# Problem to work on
Write out again, exactly, the lines below starting at the one with "お話を聞いた後は,外に出て消" and ending at the one with "(a) Distribution of".

[Collection entries]
+ + + + + + +

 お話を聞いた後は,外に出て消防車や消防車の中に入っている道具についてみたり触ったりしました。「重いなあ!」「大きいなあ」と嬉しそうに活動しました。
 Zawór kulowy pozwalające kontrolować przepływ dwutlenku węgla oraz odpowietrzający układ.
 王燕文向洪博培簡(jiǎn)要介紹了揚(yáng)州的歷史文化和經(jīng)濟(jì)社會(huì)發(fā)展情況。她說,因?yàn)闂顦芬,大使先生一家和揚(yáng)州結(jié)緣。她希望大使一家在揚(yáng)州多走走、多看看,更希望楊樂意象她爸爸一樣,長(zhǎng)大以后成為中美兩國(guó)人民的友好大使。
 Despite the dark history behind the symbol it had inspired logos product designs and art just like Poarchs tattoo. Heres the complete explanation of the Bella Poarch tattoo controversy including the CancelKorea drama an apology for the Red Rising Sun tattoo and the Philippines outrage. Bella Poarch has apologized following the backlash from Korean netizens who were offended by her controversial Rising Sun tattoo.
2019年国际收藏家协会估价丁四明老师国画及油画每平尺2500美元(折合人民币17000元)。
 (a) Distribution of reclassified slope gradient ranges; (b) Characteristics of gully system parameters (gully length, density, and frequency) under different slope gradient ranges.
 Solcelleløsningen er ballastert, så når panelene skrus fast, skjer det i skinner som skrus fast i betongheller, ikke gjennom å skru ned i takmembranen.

+ + + + + + +

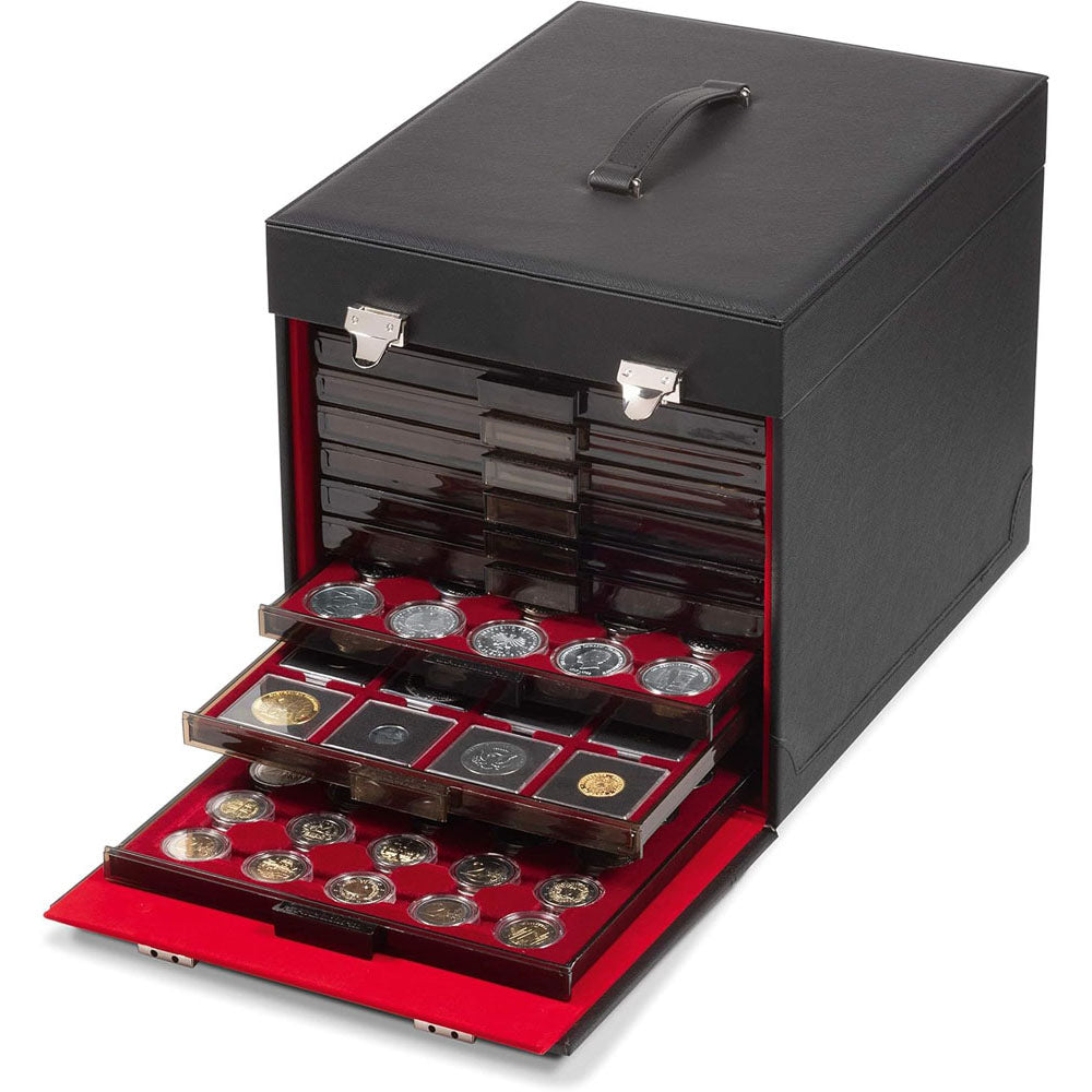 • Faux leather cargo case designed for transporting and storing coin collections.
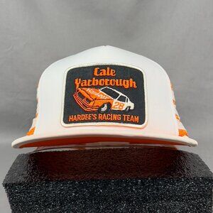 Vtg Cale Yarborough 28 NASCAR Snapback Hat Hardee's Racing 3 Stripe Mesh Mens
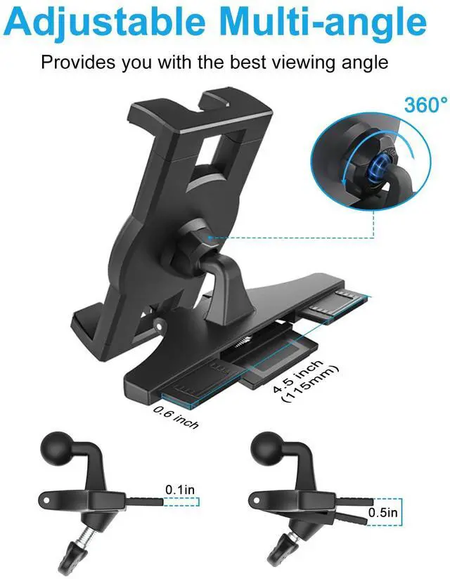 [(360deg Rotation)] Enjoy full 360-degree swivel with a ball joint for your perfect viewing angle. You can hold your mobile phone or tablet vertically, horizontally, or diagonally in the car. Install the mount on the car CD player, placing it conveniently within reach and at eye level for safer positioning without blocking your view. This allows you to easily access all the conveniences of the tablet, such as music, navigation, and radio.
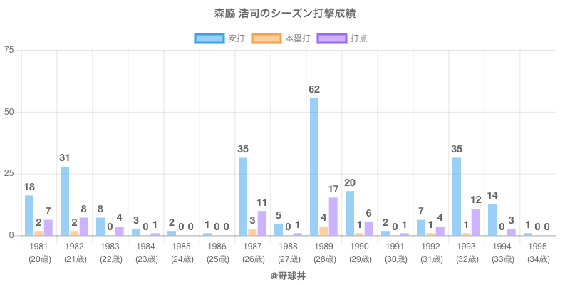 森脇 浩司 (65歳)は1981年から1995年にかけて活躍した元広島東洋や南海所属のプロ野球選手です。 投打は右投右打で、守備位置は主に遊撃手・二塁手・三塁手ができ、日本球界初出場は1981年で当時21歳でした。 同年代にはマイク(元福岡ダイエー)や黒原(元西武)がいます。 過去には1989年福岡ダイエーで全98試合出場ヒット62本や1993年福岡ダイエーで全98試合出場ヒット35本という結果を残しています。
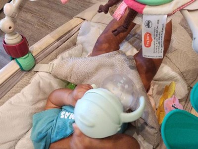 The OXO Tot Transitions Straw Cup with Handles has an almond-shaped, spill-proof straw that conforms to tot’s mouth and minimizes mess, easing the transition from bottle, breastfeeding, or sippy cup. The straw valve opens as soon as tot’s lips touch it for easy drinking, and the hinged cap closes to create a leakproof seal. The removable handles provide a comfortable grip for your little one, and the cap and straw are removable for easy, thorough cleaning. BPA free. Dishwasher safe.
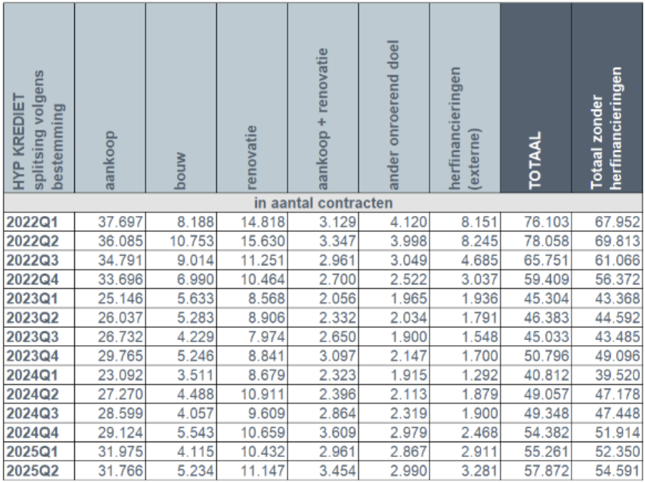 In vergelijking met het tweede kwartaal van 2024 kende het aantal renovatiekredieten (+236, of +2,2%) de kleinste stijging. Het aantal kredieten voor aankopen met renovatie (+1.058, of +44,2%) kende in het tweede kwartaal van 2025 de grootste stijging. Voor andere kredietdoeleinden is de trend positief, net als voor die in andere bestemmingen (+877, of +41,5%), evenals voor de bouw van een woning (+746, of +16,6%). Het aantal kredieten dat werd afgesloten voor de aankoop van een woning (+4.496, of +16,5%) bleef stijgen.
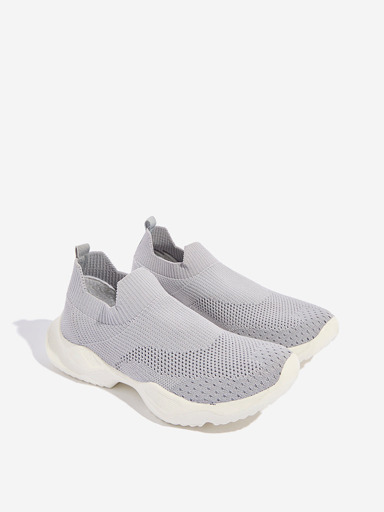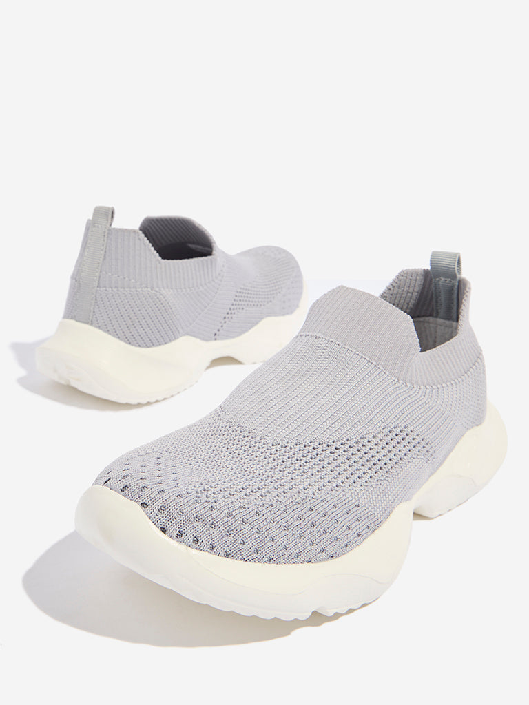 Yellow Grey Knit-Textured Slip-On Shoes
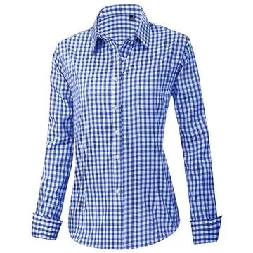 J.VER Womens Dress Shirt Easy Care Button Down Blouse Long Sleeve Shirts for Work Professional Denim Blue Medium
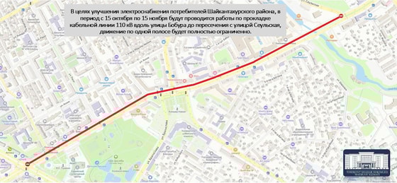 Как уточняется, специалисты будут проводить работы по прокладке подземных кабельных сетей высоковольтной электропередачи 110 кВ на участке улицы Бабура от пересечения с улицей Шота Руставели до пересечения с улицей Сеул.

+ + + + + + +

# Output below
 お話を聞いた後は,外に出て消防車や消防車の中に入っている道具についてみたり触ったりしました。「重いなあ!」「大きいなあ」と嬉しそうに活動しました。
 Zawór kulowy pozwalające kontrolować przepływ dwutlenku węgla oraz odpowietrzający układ.
 王燕文向洪博培簡(jiǎn)要介紹了揚(yáng)州的歷史文化和經(jīng)濟(jì)社會(huì)發(fā)展情況。她說,因?yàn)闂顦芬,大使先生一家和揚(yáng)州結(jié)緣。她希望大使一家在揚(yáng)州多走走、多看看,更希望楊樂意象她爸爸一樣,長(zhǎng)大以后成為中美兩國(guó)人民的友好大使。
 Despite the dark history behind the symbol it had inspired logos product designs and art just like Poarchs tattoo. Heres the complete explanation of the Bella Poarch tattoo controversy including the CancelKorea drama an apology for the Red Rising Sun tattoo and the Philippines outrage. Bella Poarch has apologized following the backlash from Korean netizens who were offended by her controversial Rising Sun tattoo.
2019年国际收藏家协会估价丁四明老师国画及油画每平尺2500美元(折合人民币17000元)。
 (a) Distribution of reclassified slope gradient ranges; (b) Characteristics of gully system parameters (gully length, density, and frequency) under different slope gradient ranges.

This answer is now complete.